*** Opening Stored data ***

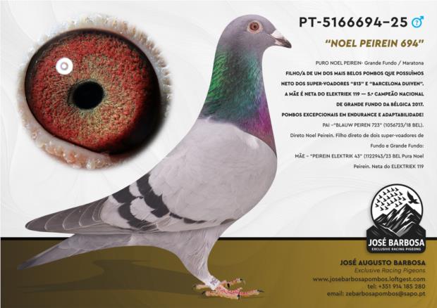 O segundo jovem pombo que temos em cedência, origem absolutamente , excepcional,  ''NOEL PEIREN 694” – puro Noel Peiren, linha de referência no Grande Fundo . Pombos que se adaptam a qualquer colónia! De uma rusticidade a toda a prova!
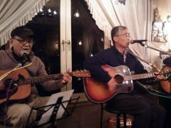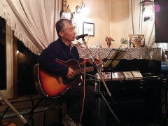 | 今年1年間、ここぶどうの木LIVEでは「同じ曲を2回演奏したことがない」・・・のFさんでしたが、今宵は、「今年一年間で気に入った曲をピック・アップ」して・・・。ということで、まずは、‘親父の歌’byイノチ崖マサルさんを。ぶどうの木近隣の北播磨田園空間でのイベントで出会われたとのことでした。 つづいては、お得意のさだまさしさんのナンバーから‘まほろば’。艶やかなハイトーン・ボイスでの熱唱でした。原キーでお歌いになれることが、まずもって凄すぎます。そして、さださんをもう1曲。‘風に立つライオン’。言葉の数がたいへん多く、本当に舌を噛みそうになる歌です。アメージング・グレースの挿入も印象的です。 |
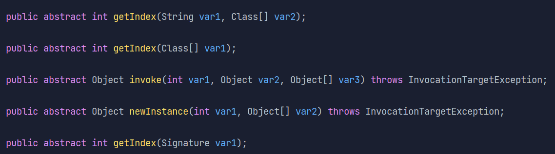 我们先来看看FastClass的getIndex() ,因为结合init() 和invoke(Object obj, Object[] args) invokeSuper(Object obj, Object[] args) 方法我们能看出我们对FastClass的方法调用还与这个方法有关。
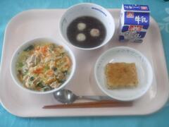 小正月きのこ雑炊松風焼きおしるこ牛乳
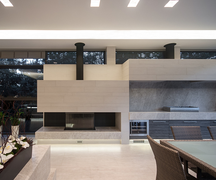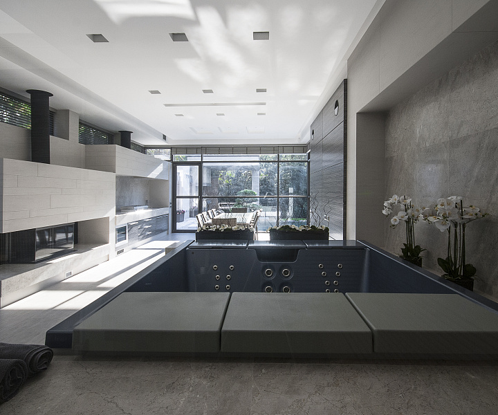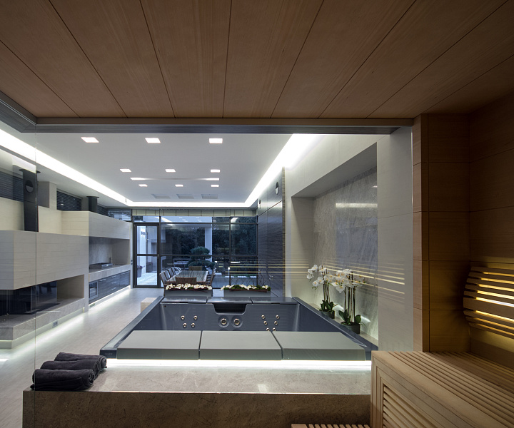 Стильный дом в современном стиле со вторым светом и открытым бассейном и спа-зоной внутри дома
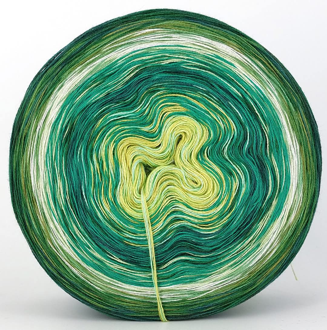 Der Bobbel ist bei den Farbübergängen mit kleinen Knoten (Frankfurter Knoten) verbunden, die super sicher sind und kaum spürbar. Es wechselt immer nur 1 Faden von den 4 gefachten Fäden. Das Garn ist gefacht und nicht verzwirnt.
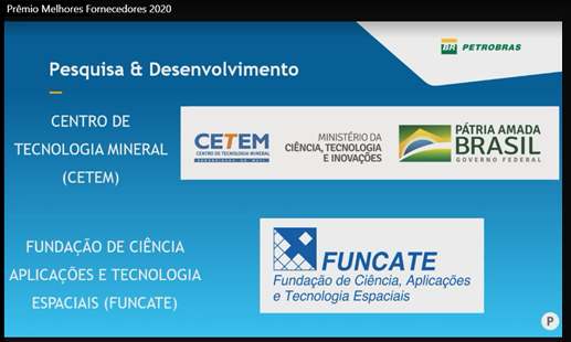 O CETEM e a Funcate recebem Prêmio PETROBRAS de Fornecedores na categoria de Pesquisa e Desenvolvimento 2020.
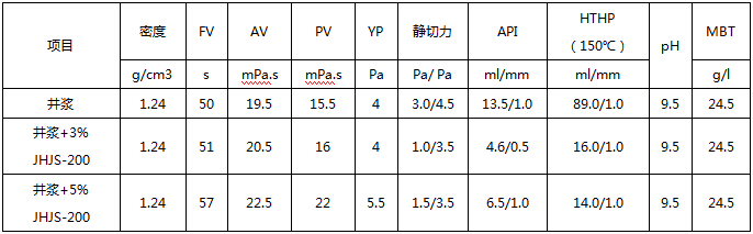 现场应用表明,JHJS-200能明显改善原钻井液中压、高温高压滤失性能,能满足高温高压深井钻井要求,且该产品无荧光,对电测无影响。
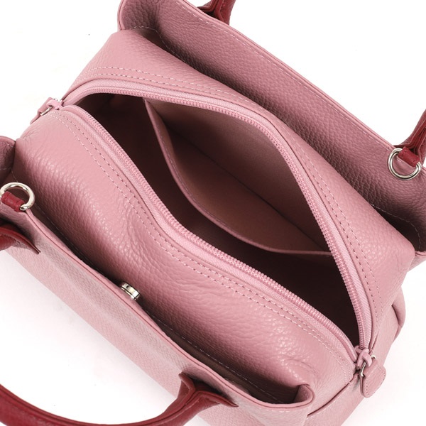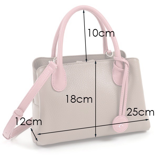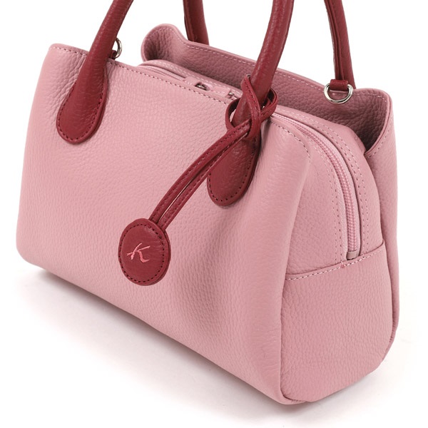 Kマーク入りのタグがワンポイントの2wayハンドバッグ。着脱できるショルダーベルトが付いています。マチが広く口開きが大きいので、物の出し入れがスムーズ。メイン収納の両脇があおりポケットになっており、出し入れの多いスマホやパスケース、ハンカチなどの収納に便利です。

*** Closing Stored data ***

What you are asked to do:
Nothing but the lines from the one containing "Стильный дом в" through the end of the listing should be printed, each exactly as it appears and without pictures.

Output of the exercise:
 Стильный дом в современном стиле со вторым светом и открытым бассейном и спа-зоной внутри дома
 Der Bobbel ist bei den Farbübergängen mit kleinen Knoten (Frankfurter Knoten) verbunden, die super sicher sind und kaum spürbar. Es wechselt immer nur 1 Faden von den 4 gefachten Fäden. Das Garn ist gefacht und nicht verzwirnt.
 O CETEM e a Funcate recebem Prêmio PETROBRAS de Fornecedores na categoria de Pesquisa e Desenvolvimento 2020.
 现场应用表明,JHJS-200能明显改善原钻井液中压、高温高压滤失性能,能满足高温高压深井钻井要求,且该产品无荧光,对电测无影响。
 Kマーク入りのタグがワンポイントの2wayハンドバッグ。着脱できるショルダーベルトが付いています。マチが広く口開きが大きいので、物の出し入れがスムーズ。メイン収納の両脇があおりポケットになっており、出し入れの多いスマホやパスケース、ハンカチなどの収納に便利です。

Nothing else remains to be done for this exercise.